Assigned task: For the entries below, repeat exactly each line starting with the one that contains "4. Wir segeln" and going on through the one that contains "Zelluloid Ak Kitsch, Blumenkorb, Schwalbe", and no others.

Dataset records:
»»

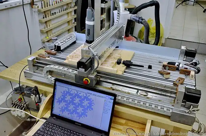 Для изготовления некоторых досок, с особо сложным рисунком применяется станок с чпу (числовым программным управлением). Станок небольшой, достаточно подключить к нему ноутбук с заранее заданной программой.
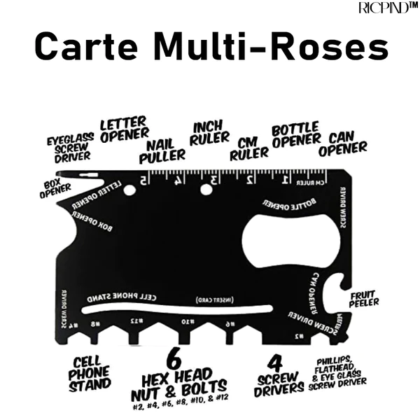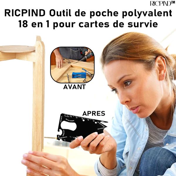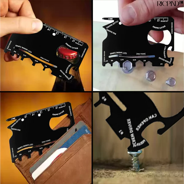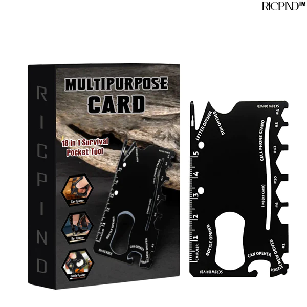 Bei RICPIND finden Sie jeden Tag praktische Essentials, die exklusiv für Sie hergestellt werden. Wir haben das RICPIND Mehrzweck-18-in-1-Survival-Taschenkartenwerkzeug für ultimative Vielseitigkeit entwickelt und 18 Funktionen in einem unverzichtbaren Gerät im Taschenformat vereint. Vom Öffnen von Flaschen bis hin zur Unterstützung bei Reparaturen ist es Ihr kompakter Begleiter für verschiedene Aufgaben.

««
»»

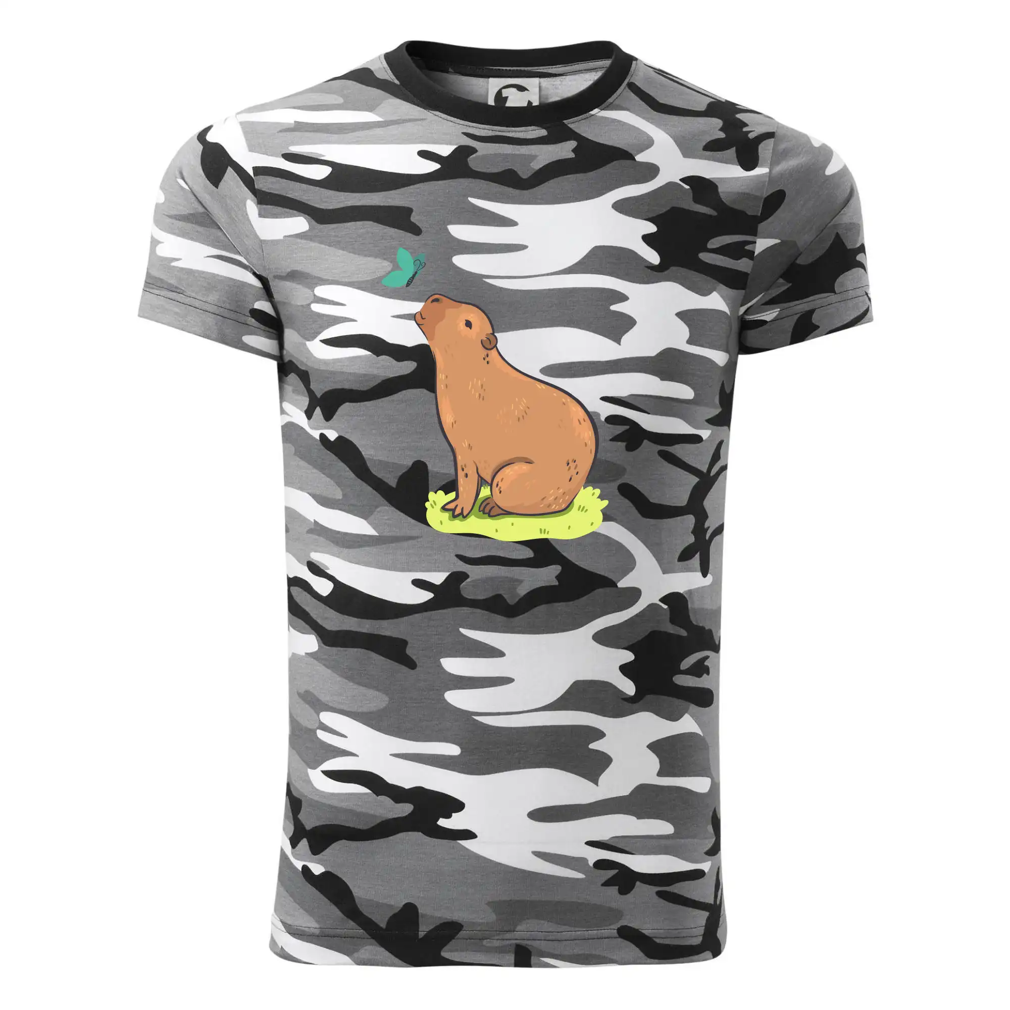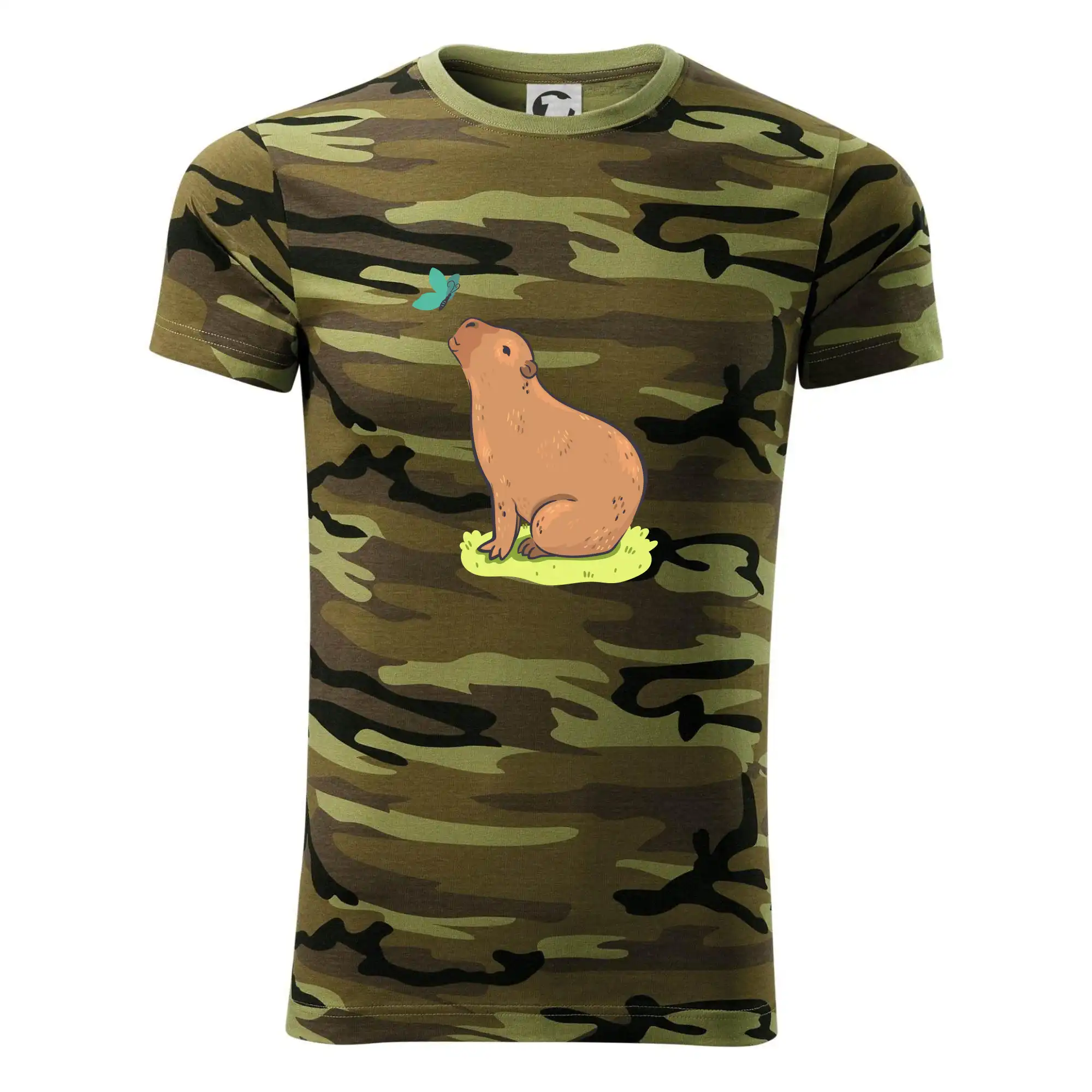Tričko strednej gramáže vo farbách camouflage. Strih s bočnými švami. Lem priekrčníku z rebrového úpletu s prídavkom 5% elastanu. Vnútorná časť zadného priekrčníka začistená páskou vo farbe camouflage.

««
»»

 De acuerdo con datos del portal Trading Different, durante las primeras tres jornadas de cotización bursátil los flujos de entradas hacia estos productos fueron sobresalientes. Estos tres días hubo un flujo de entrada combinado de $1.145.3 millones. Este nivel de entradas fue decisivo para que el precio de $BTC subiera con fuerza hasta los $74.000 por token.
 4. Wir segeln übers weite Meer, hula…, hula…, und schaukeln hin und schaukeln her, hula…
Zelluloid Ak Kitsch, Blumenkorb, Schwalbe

««

Response area:
 4. Wir segeln übers weite Meer, hula…, hula…, und schaukeln hin und schaukeln her, hula…
Zelluloid Ak Kitsch, Blumenkorb, Schwalbe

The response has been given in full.